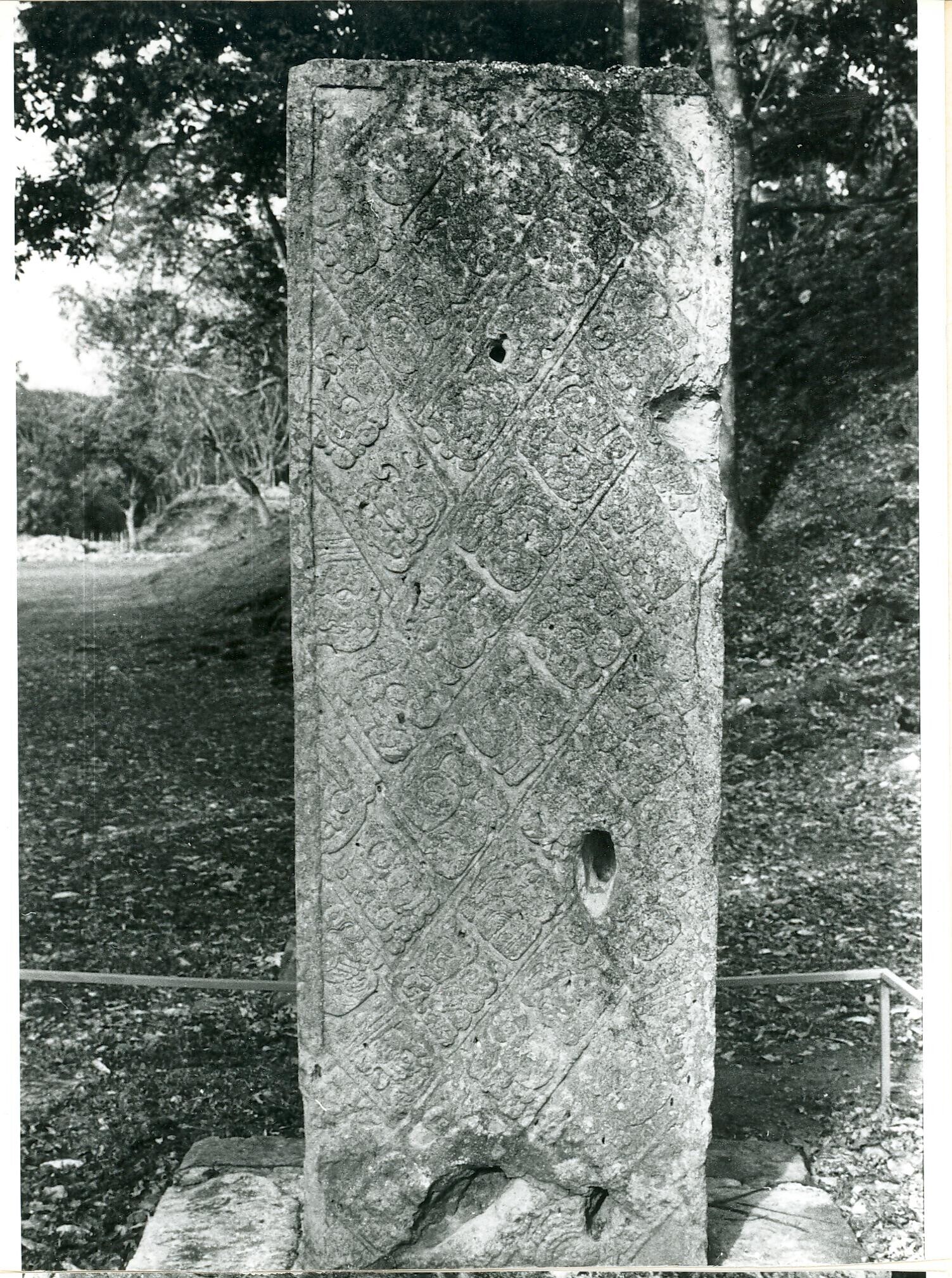 'Stèle J' met tekst in matmotief (detail)
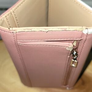 Pink with faux zipper front. Holds 12 credit cards and 1 ID holder. 3 slots for paper money or receipts. Change pocket that zips on back. Never used, however some of the binding around back left side is rubbing off and corner under coin zipper. Price Reflects
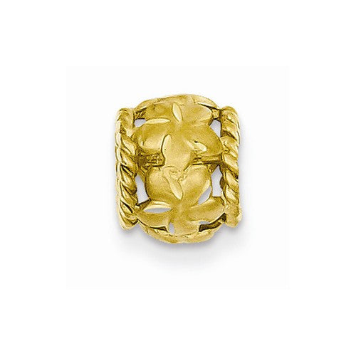 14k Gold Rope Edge Plumeria Barrel Chain Slide Pendant
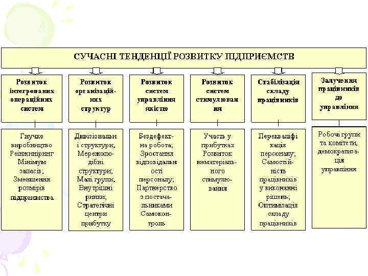 1. Сучасні тенденції розвитку підприємств • Розвиток підприємства означає якісні зміни та оновлення його господарської системи та організаційної структури, підвищення ефективності функціонування на основі вдосконалення техніки, технології та організації праці, підвищення якості продукції та послуг
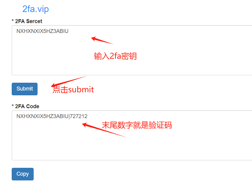 用我发你的 2fa 密钥 到这个网址 https://www.2fa.vip/
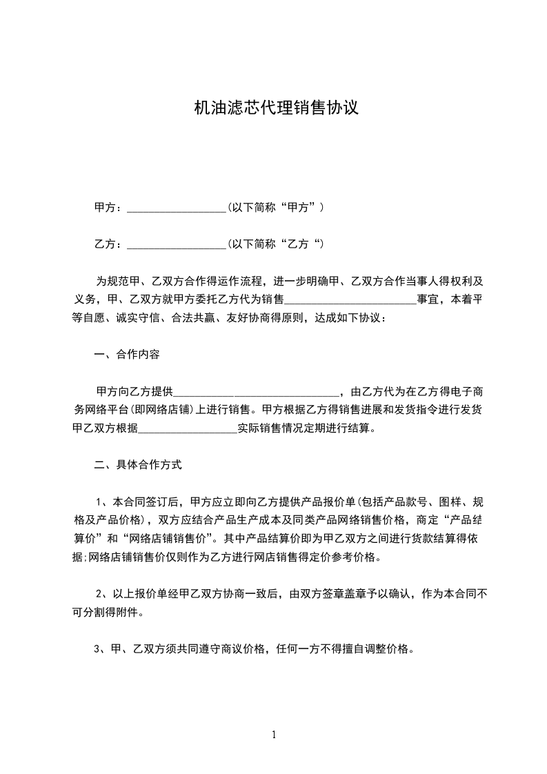为规范甲、乙双方合作得运作流程,进一步明确甲、乙双方合作当事人得权利及义务,甲、乙双方就甲方委托乙方代为销售________________________事宜,本着平等自愿、诚实守信、合法共赢、友好协商得原则,达成如下协议:

◆ WHAT YOU WILL DO:
Apart from the pictures, the whole listing should be reproduced exactly.

◆ EXERCISE OUTPUT:
 'Stèle J' met tekst in matmotief (detail)
 Pink with faux zipper front. Holds 12 credit cards and 1 ID holder. 3 slots for paper money or receipts. Change pocket that zips on back. Never used, however some of the binding around back left side is rubbing off and corner under coin zipper. Price Reflects
 14k Gold Rope Edge Plumeria Barrel Chain Slide Pendant
 1. Сучасні тенденції розвитку підприємств • Розвиток підприємства означає якісні зміни та оновлення його господарської системи та організаційної структури, підвищення ефективності функціонування на основі вдосконалення техніки, технології та організації праці, підвищення якості продукції та послуг
 用我发你的 2fa 密钥 到这个网址 https://www.2fa.vip/
为规范甲、乙双方合作得运作流程,进一步明确甲、乙双方合作当事人得权利及义务,甲、乙双方就甲方委托乙方代为销售________________________事宜,本着平等自愿、诚实守信、合法共赢、友好协商得原则,达成如下协议:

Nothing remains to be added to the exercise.